Rights to privacy when following a specific treatment for depression


The issue of confidentiality has become one of the hottest issues in medicine in the previous years using the introduction of the new federal laws encompassed underneath the acronym HIPAA (Medical health insurance Portability and Accountability Act). The concept of medicine has always regarded confidentiality as one of its highest ethical principles.

Psychiatry has put even greater restrictions on confidentiality given the highly sensitive nature from the issues patients discuss. As a result, no information is released to anyone without a written authorization by the patient allowing for such release.

An itemized authorization for discharge of general medical records is not enough. The patient must knowingly and specifically request psychiatric and/or substance information to be sold before it can be. Every effort is made to protect a patient's right to privacy. However, exceptions exist to that right, and it behooves everyone to be aware what those exceptions are.

First, confidentiality does not apply when a patient is recognized as to be a threat to others, unless hospitalized. Second, confidentiality does not apply once the law requires mandatory reporting. This includes communicable diseases, child or elder abuse, impaired driving, and any other requirement in a particular jurisdiction.

Third, depending on the state, court-ordered or subpoenaed records can be released with no patient's written authorization. However, a great clinician will often notify the individual and make an effort to obtain written authorization before honoring the court's request.

Certain states (such as Connecticut) have laws that supercede the government HIPAA laws on "protected" records subpoenaed by the court. Most states still need a HIPAA authorization for release towards the court be signed by the patient. If a signed patient authorization cannot be obtained, appropriate steps should be taken under state law by the clinician to resist the subpoena. These actions usually involve engaging a lawyer to file such motions in the state court system.

Fourth, hospitals and offices may release minimally necessary healthcare information with no patient's written permission for that purposes of treatment, payment, or operations (such as quality control, peer review, and teaching). This is encompassed under the HIPAA rules (discussed later here).

The most important step to bear in mind whenever a clinician releases psychiatric information about someone to a different person without that patient's consent is the concept of "duty to 3rd parties." Most lawyers would rather to protect a breach of confidentiality case than a wrongful death case.

Clinician's understand this very well and in emergency situations may feel obligated to violate a patient's autonomy and confidentiality in order to protect her or him and the community from some greater harm. This is especially true when the patient is being evaluated in an urgent situation room.

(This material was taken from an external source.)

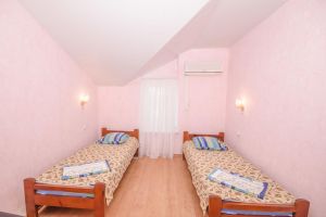 Четырехместный «семейный» номер со всеми удобствами: душ, туалет, телевизор, холодильник, кондиционер.

In those instances, clinicians will normally not feel comfortable discharging someone before obtaining outside resources, and refusing to permit such contact will only delay discharge and in all likelihood ensure hospitalization under an involuntary commitment. A great clinician, however, will always inform the individual of his or her decisions and whom they are contacting.

The initial impetus behind HIPAA ended up being to extend the ability of people to maintain their healthcare insurance after termination of employment and reduce the exclusions for pre-existing conditions.

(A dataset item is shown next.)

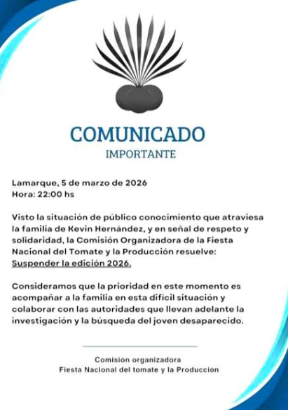 La ciudad de Lamarque vive momentos de profunda conmoción. La Comisión Organizadora de la Fiesta Nacional del Tomate y la Producción anunció la suspensión de la edición 2026, prevista para este mes, en señal de respeto y solidaridad con la familia de Kevin Hernández, el joven de 26 años desaparecido desde el 22 de febrero.

HIPAA was also an effort by the government to provide further controls over fraud and abuse of the Medicare system as well as standardize the electronic claims system between providers and third-party vendors. However, to many people, HIPAA is becoming synonymous with privacy because one of the first orders of business when one enters a doctor's office today is to receive a notice of privacy practice and sign that one received such notice.

The notice of privacy practice outlines the rights of the patient regarding privacy and the provider's duty to protect the health information generated inside the office or entity, describing the various ways in which one's healthcare information could be shared without requiring written permission unless the person objects to any such release in writing beforehand as outlined earlier.

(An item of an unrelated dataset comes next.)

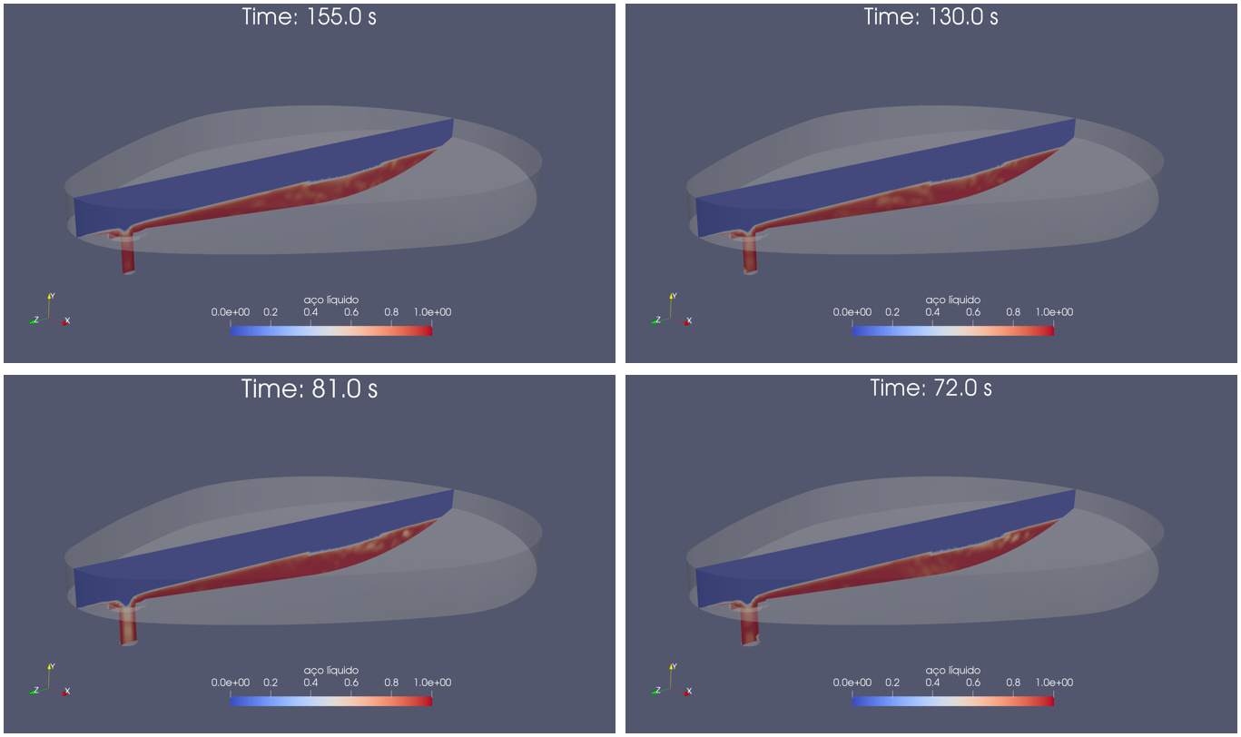 The validation of the CFD model via SimScale was compared with the results measured in the steelworks (Figures 6 and 7). It is verified that there is a small variation in the time of arrival in the liquid foot collected in the area in relation to the CFD. This difference is due to geometric approximations made to facilitate the discretization of the model, however, the value fluctuates in about 5 seconds translates a good convergence in the results.

Again, the notice also outlines the discharge of healthcare information as mandated legally as pointed out previously here. Additionally, it specifically mentions that psychiatric and drug and alcohol information are specially protected, although limited amounts of home elevators these diagnoses might be shared for the purpose of treatment, payment, or operations.

The notice specifically states that unless supplied with an itemized request it is assumed that information for example appointments could be shared via phone, mail, or with family members, etc. Finally, patients have the to view and amend their healthcare information by submitting an itemized request. This can be denied under specific circumstances outlined in the notice, but the patient has a to know the reasons and may appeal such denials.

Generally, when one first enters a doctor's office and begins filling out an array of forms, one form will be to authorize release of information for purposes of treatment, payment, and operations. With respect to payment, one's health insurance company requires medical information for that purposes of payment because it wants to understand what it's spending money on.

The term that insurance providers use to authorize payment is "medical necessity," meaning that they want proof that the bill delivered to them for any particular service was medically necessary and for that reason worthy of payment. This means that the clinician must send the insurer diagnosing and also the treatment rendered in order to show medical necessity, which may include copies from the clinician's documentation.

If a patient refuses to allow the release of such information, either the clinician may refuse to see or treat the individual, or if seen, the patient will be responsible for the balance. Again, it was the purpose of HIPAA to provide the patient with the right to make an informed decision on his / her health information privacy.